▶ **DATASET CONTENT**
════
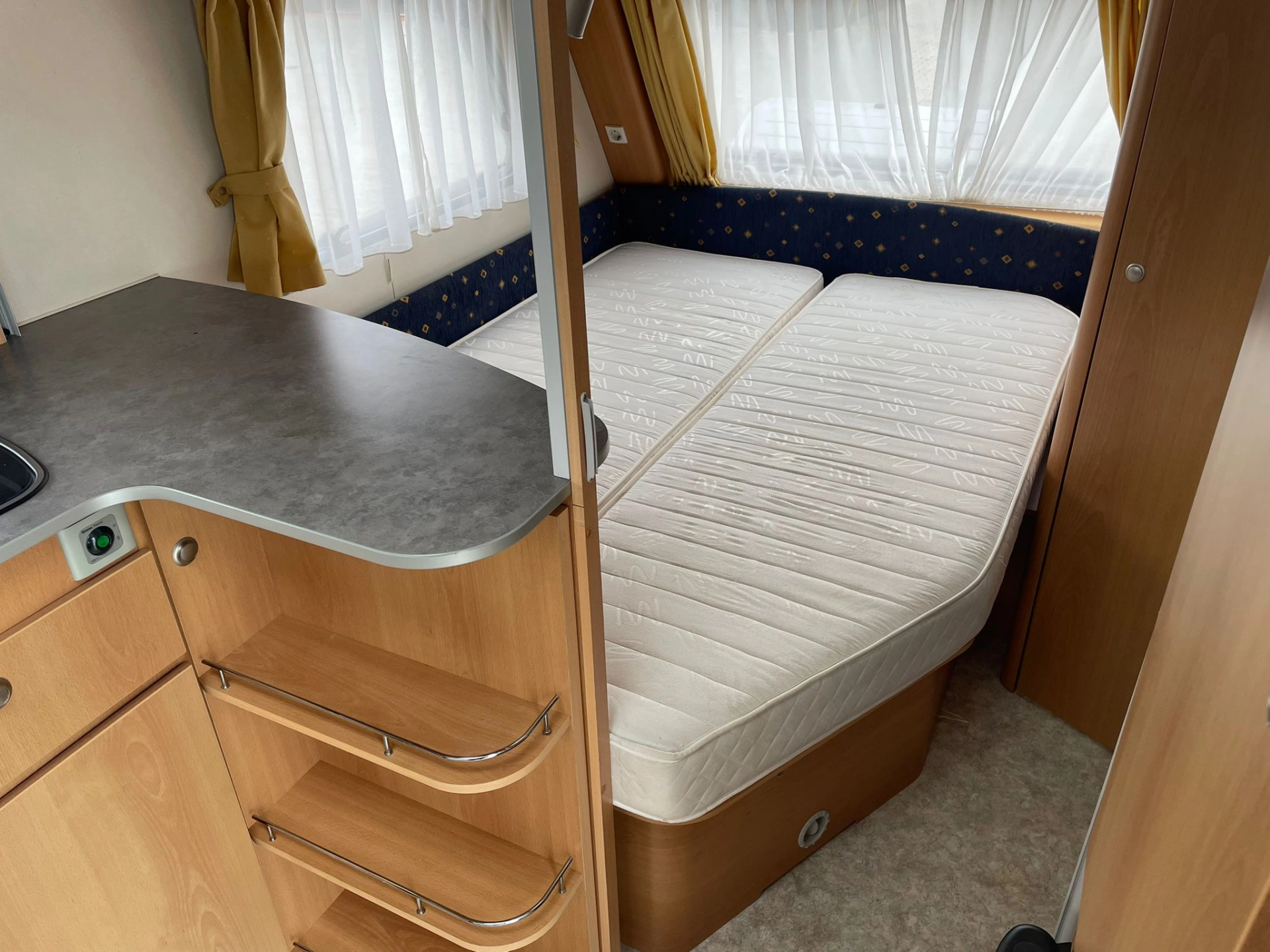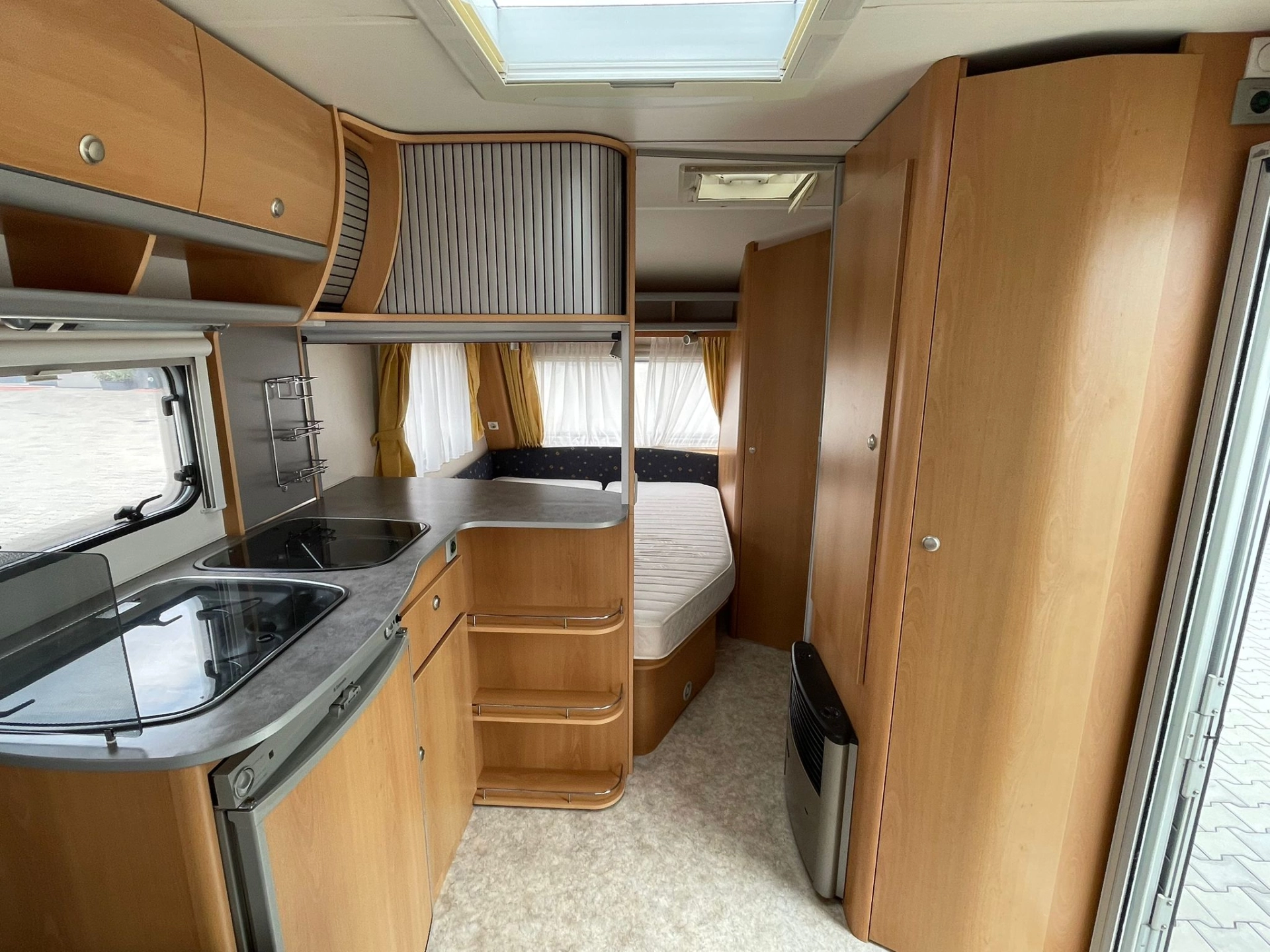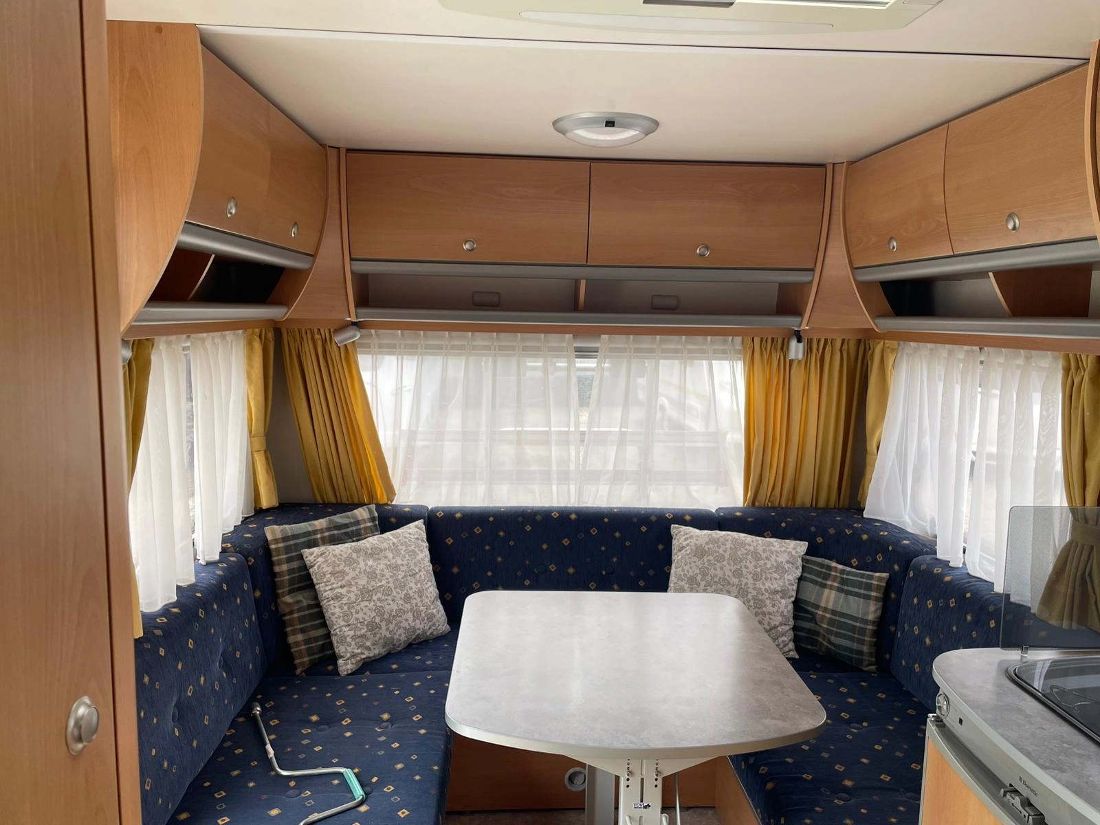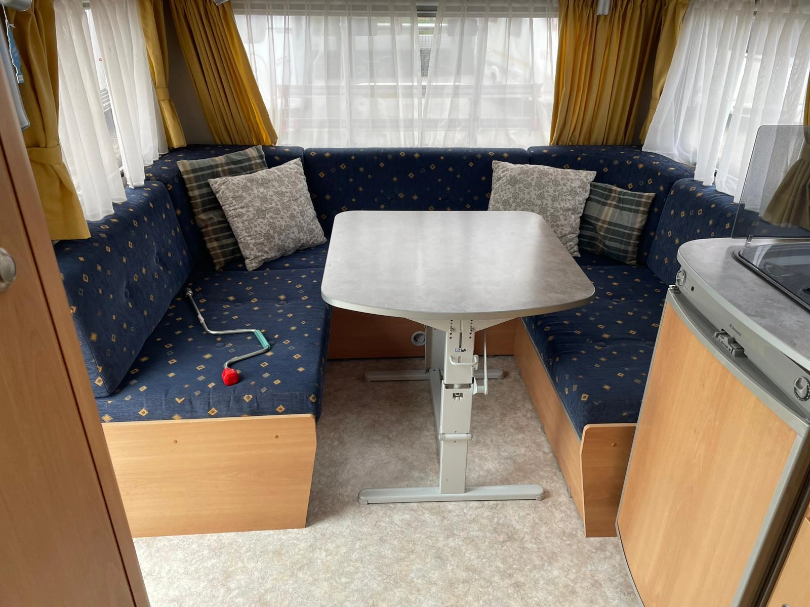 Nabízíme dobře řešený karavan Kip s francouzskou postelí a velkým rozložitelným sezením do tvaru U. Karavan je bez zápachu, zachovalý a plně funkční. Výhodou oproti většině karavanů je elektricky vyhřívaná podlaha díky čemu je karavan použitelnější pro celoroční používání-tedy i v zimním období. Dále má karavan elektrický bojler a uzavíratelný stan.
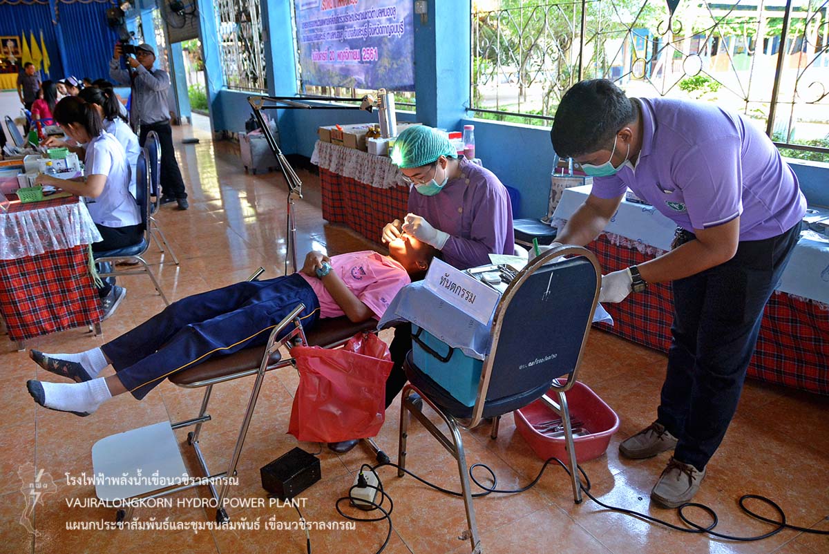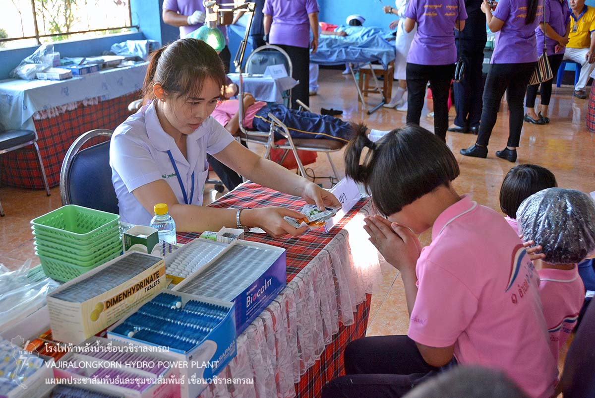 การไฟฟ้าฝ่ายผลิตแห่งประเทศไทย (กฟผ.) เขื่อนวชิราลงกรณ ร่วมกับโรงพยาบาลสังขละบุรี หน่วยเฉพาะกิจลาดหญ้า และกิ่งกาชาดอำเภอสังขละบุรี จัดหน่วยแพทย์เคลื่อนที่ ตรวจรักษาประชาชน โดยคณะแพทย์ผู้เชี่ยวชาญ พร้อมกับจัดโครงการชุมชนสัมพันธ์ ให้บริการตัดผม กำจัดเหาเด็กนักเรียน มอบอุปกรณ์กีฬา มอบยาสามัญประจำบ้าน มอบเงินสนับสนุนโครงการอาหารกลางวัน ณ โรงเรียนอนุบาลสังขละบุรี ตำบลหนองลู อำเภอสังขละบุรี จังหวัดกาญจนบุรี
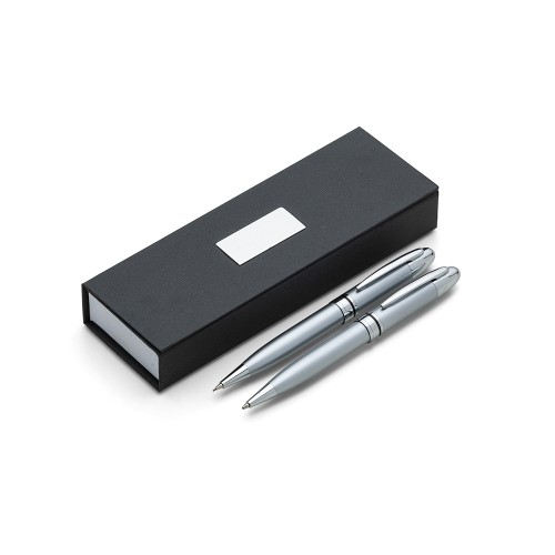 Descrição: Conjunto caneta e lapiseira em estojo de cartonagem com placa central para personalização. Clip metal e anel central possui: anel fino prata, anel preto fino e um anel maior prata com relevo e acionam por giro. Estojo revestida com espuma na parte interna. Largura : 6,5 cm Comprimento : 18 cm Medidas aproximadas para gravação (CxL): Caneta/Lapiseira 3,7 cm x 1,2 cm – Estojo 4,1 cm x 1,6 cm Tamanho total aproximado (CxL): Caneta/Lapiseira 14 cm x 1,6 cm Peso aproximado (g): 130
════
▶ **WHAT THE EXERCISE ASKS**
Output the material above word for word. Leave out its images.

▶ **EXERCISE RESULT**
 Nabízíme dobře řešený karavan Kip s francouzskou postelí a velkým rozložitelným sezením do tvaru U. Karavan je bez zápachu, zachovalý a plně funkční. Výhodou oproti většině karavanů je elektricky vyhřívaná podlaha díky čemu je karavan použitelnější pro celoroční používání-tedy i v zimním období. Dále má karavan elektrický bojler a uzavíratelný stan.
 การไฟฟ้าฝ่ายผลิตแห่งประเทศไทย (กฟผ.) เขื่อนวชิราลงกรณ ร่วมกับโรงพยาบาลสังขละบุรี หน่วยเฉพาะกิจลาดหญ้า และกิ่งกาชาดอำเภอสังขละบุรี จัดหน่วยแพทย์เคลื่อนที่ ตรวจรักษาประชาชน โดยคณะแพทย์ผู้เชี่ยวชาญ พร้อมกับจัดโครงการชุมชนสัมพันธ์ ให้บริการตัดผม กำจัดเหาเด็กนักเรียน มอบอุปกรณ์กีฬา มอบยาสามัญประจำบ้าน มอบเงินสนับสนุนโครงการอาหารกลางวัน ณ โรงเรียนอนุบาลสังขละบุรี ตำบลหนองลู อำเภอสังขละบุรี จังหวัดกาญจนบุรี
 Descrição: Conjunto caneta e lapiseira em estojo de cartonagem com placa central para personalização. Clip metal e anel central possui: anel fino prata, anel preto fino e um anel maior prata com relevo e acionam por giro. Estojo revestida com espuma na parte interna. Largura : 6,5 cm Comprimento : 18 cm Medidas aproximadas para gravação (CxL): Caneta/Lapiseira 3,7 cm x 1,2 cm – Estojo 4,1 cm x 1,6 cm Tamanho total aproximado (CxL): Caneta/Lapiseira 14 cm x 1,6 cm Peso aproximado (g): 130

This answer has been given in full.